### EXERCISE GOAL
Write each entry out again verbatim, pictures excluded.

(Beginning of SOURCE DATA)

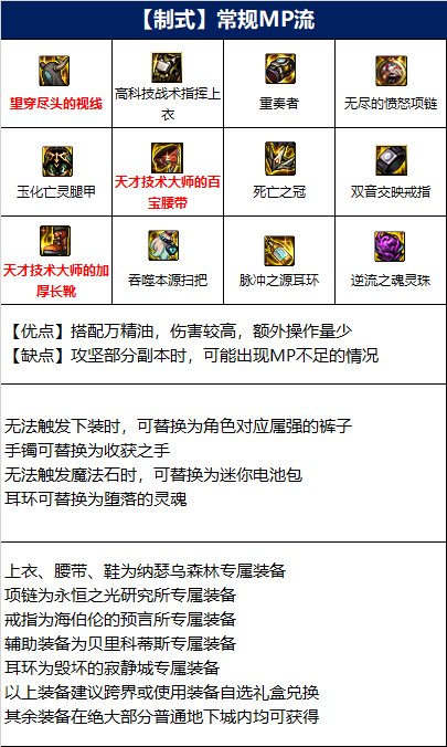 该流派以MP流为核心,搭配手搓装备,强化不在技能栏里面的技能。虽然该搭配具备极高的伤害,但需要玩家拥有较高的手法技巧才可以打出最大化伤害。
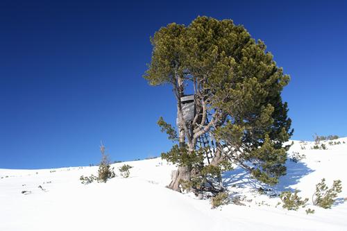 Vorbei am letzten Baum, in dessen Geäst sich mehr oder weniger gut getarnt ein Hochsitz verbirgt.
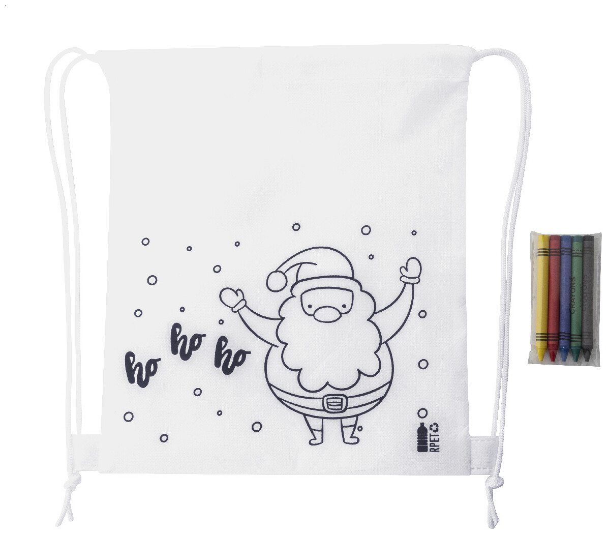 Vánoční vak na vybarvování se stahovací šňůrkou z netkané RPET tkaniny s 5 voskovkami.
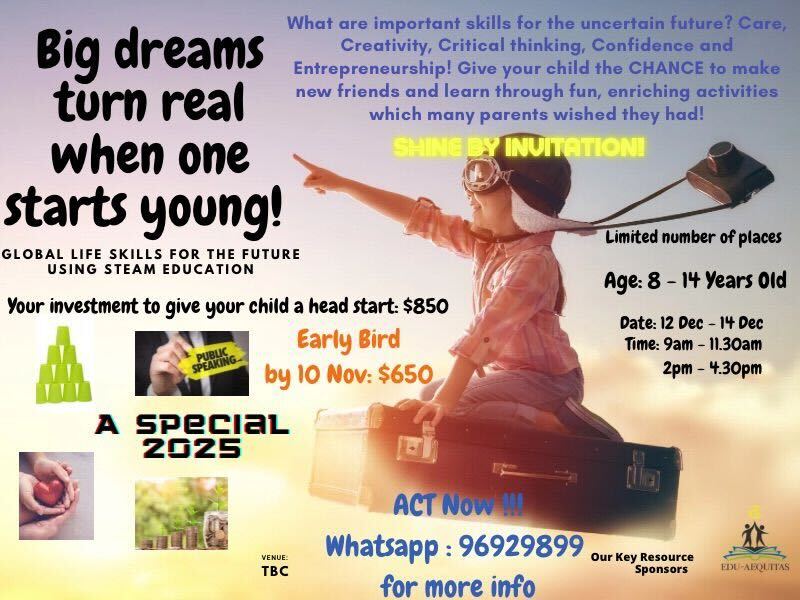 (Nearest MRT) Fort Canning (DT20) 7-8 mins walk from Exit A 33 Mohamad Sultan Road #02-04Come and join in Our annual inclusive camp with STEAM, Entrepreneurship and Brain-Based Learning!
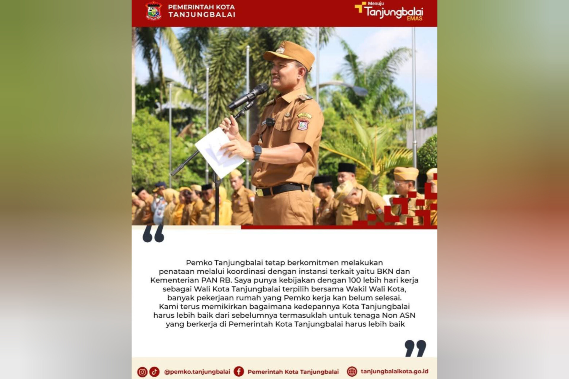 Dalam sambutannya, Wali Kota Tanjungbalai menjelaskan berdasarkan UU (Undang-Undang) Nomor 20 tahun 2023 tentang Aparatur Sipil Negara (ASN) pada Pasal 66 diamanahkan bahwa Pegawai Non ASN atau sebutan nama lainnya, wajib diselesaikan penataannya dan sejak UU ini dimulai berlaku instansi pemerintah dilarang mengangkat pegawai non ASN.
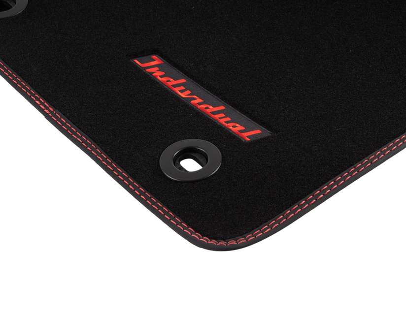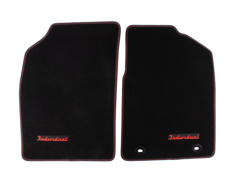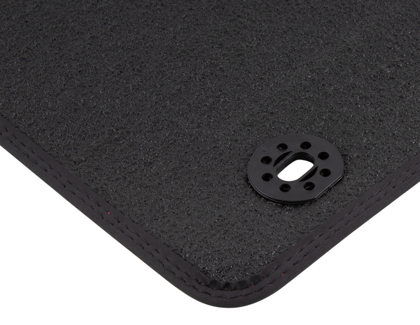 Spredaj velur talne preproge, črne barve z rdečimi šivi

(End of SOURCE DATA)

### SOLUTION FOR THIS TASK
 该流派以MP流为核心,搭配手搓装备,强化不在技能栏里面的技能。虽然该搭配具备极高的伤害,但需要玩家拥有较高的手法技巧才可以打出最大化伤害。
 Vorbei am letzten Baum, in dessen Geäst sich mehr oder weniger gut getarnt ein Hochsitz verbirgt.
 Vánoční vak na vybarvování se stahovací šňůrkou z netkané RPET tkaniny s 5 voskovkami.
 (Nearest MRT) Fort Canning (DT20) 7-8 mins walk from Exit A 33 Mohamad Sultan Road #02-04Come and join in Our annual inclusive camp with STEAM, Entrepreneurship and Brain-Based Learning!
 Dalam sambutannya, Wali Kota Tanjungbalai menjelaskan berdasarkan UU (Undang-Undang) Nomor 20 tahun 2023 tentang Aparatur Sipil Negara (ASN) pada Pasal 66 diamanahkan bahwa Pegawai Non ASN atau sebutan nama lainnya, wajib diselesaikan penataannya dan sejak UU ini dimulai berlaku instansi pemerintah dilarang mengangkat pegawai non ASN.
 Spredaj velur talne preproge, črne barve z rdečimi šivi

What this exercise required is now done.